4. Sublessee shall deliver to Sublessor at the time of
execution of this Sublease Agreement $10,141.08 to be held by
Sublessor as security for the full and faithful performance by
Sublessee of all the agreements, terms, covenants and conditions
set forth herein and applied against expenses or other costs or
damages incurred by Sublessor and to be payable as damages and
not as penalty, upon forfeiture, default or early termination
without prejudice to any further claims by Sublessor for damages
and any remedy for recovery thereof In the event Sublessee
observes and performs the terms and conditions of this Sublease
Agreement, such money shall be returned to Sublessee following
expiration of the Term or any renewals or extensions, as
applicable. Sublessor agrees to pay and restore to Landlord the
previous security deposit used by Sublessor to cover previous
unpaid rent.
5. Sublessee shall pay Sublessor interest on all Overdue
rent, all such interest to be calculated from the date upon which
the amount is first due hereunder until actual payment thereof
and at a rate being the lesser of five percent (5%) per annum in
excess of the minimum lending rate charged to prime commercial
borrowers by Sublessor's bank from time to time or the rate
permitted by law. All rent payable by Sublessee to Sublessor
shall be paid without deduction, set-off or abatement except as
herein expressly provided.
6. Sublessee shall use the Premises exclusively for the
purposes allowed by the Main Lease, and shall conduct its
business on the Premises within the same hours of operation as
Sublessor.
7. Sublessee hereby acknowledges that Sublessor is now
leasing the Premises from Landlord under the Main Lease, and the
parties hereto expressly agree that the Main Lease is
incorporated herein by reference as fully as if its terms and
provisions were herewith set forth in full. Capitalized terms
used herein and not otherwise defined shall have the meanings set
forth in the Main Lease. Except as modified herein, Sublessee
agrees to assume and be bound by all responsibilities and duties
as Sublessor has under the Main Lease. Except as modified herein,
Sublessee shall have the same rights and privileges as Sublessor
has under the Main Lease and Sublessor shall further have the
same rights and privileges as Landlord has under the Main Lease,
where applicable.
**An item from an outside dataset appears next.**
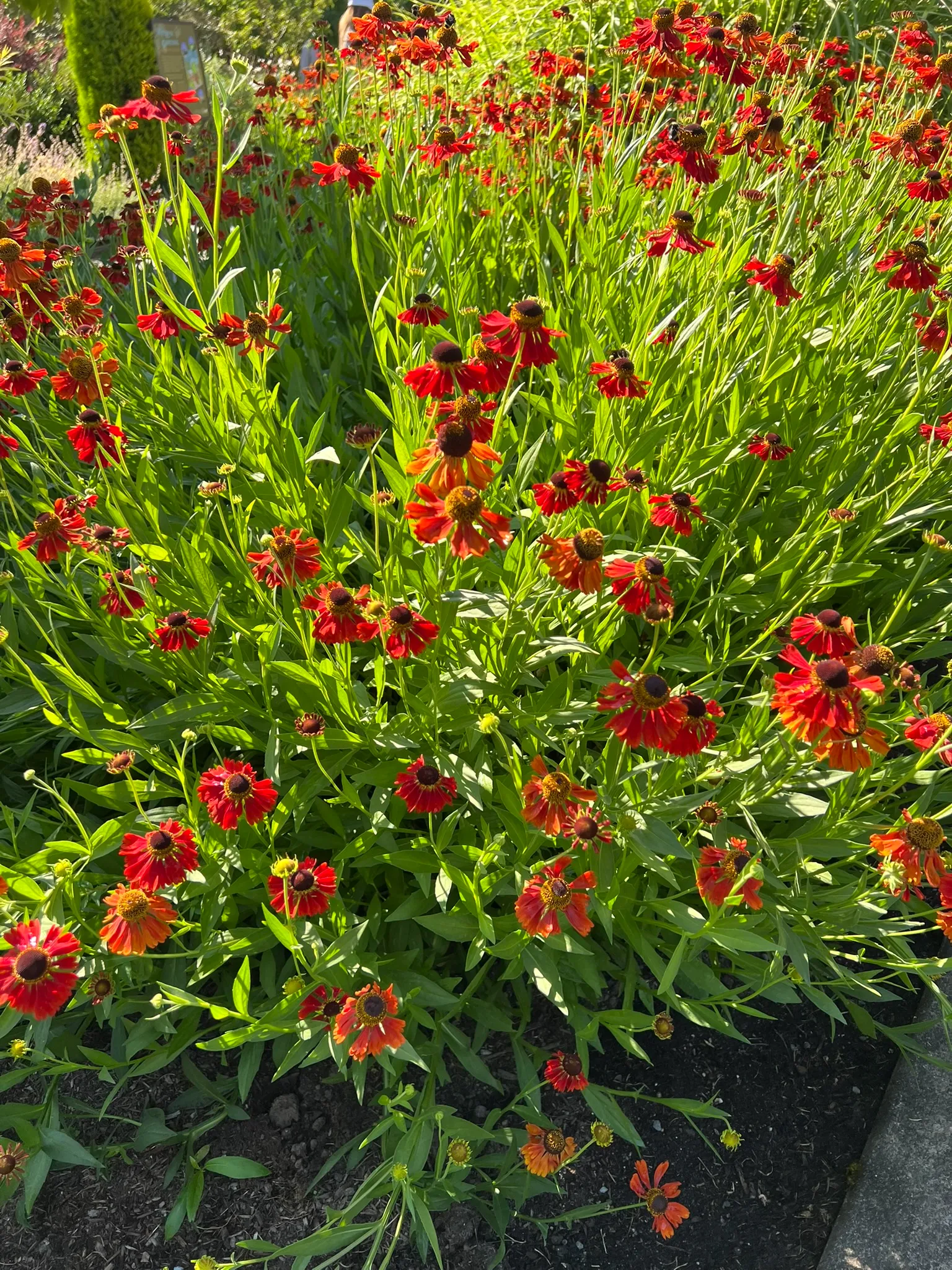 A genus of clump-forming native perennials in the family Asteraceae, native to meadows, prairies, and moist areas across North America, with the majority of garden-worthy species from the central and eastern United States. Plants form upright clumps of leafy, winged stems 18–60 inches (45–150 cm) tall — height varies widely by species and cultivar. Leaves are lance-shaped to ovate, medium green, and decurrent (running down the stem to form wings). From midsummer through fall, stems produce an abundance of daisy-like flower heads 1.5–2.5 inches (4–6 cm) across with distinctive wedge-shaped ray florets (notched or reflexed at the tips) surrounding a prominent, dome-shaped or button-like disc in yellow-green to brown. Flower colors range from pure yellow through orange, copper, bronze, and mahogany-red, including bicolors. Modern cultivars of H. autumnale, H. hoopesii, and their hybrids offer compact growth, extended bloom, and intensified colors. Despite the common name, sneezeweed pollen is not wind-dispersed and does not cause hay fever; the name derives from historical use of dried leaves as snuff. All parts are toxic to livestock; some toxicity to pets.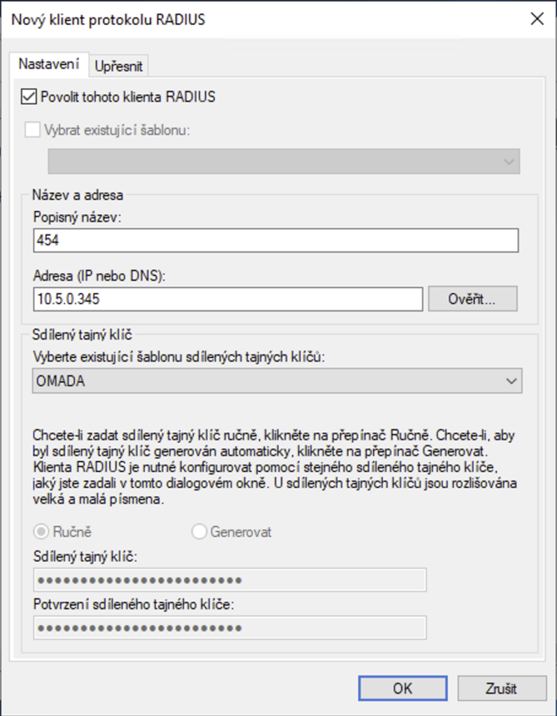 Vytvoření nového klienta v NPS serveru GUI

Except as modified herein, Sublessee agrees to
fully indemnify and hold harmless Sublessor from any
responsibility or liability which Sublessor may incur under the
Main Lease by virtue of this Sublease Agreement or Sublessee's
occupancy of the Premises.
8. If Sublessee shall default in the payment when due of
the monthly rent, or in the payment of any other payment required
under the Main Lease or hereunder, or shall default in the
payment of any other obligations from Sublessee to Sublessor,
Sublessor or other agents and employees of Sublessor may, without
notice if said default is in the payment of rent or other
monetary obligations, or, if said default is any non-monetary
default, upon five (5) days written notice to Sublessee, during
which five (5) days such default is not corrected, terminate this
Sublease and/or immediately or at any time thereafter, reenter
the Premises and remove all persons and all or any property
therefrom. Removal may be either by summary dispossession
E-73
<PAGE>
proceedings or by any suitable action or proceeding at law, or by
force or otherwise, without Sublessor being
liable to indictment, prosecution or damages therefor, and
Sublessor may repossess, hold and enjoy the Premises, as the
former estate of Sublessor, together with all additions,
alterations and improvements thereto. Notwithstanding the above,
such recourse shall not be contrary to Florida law.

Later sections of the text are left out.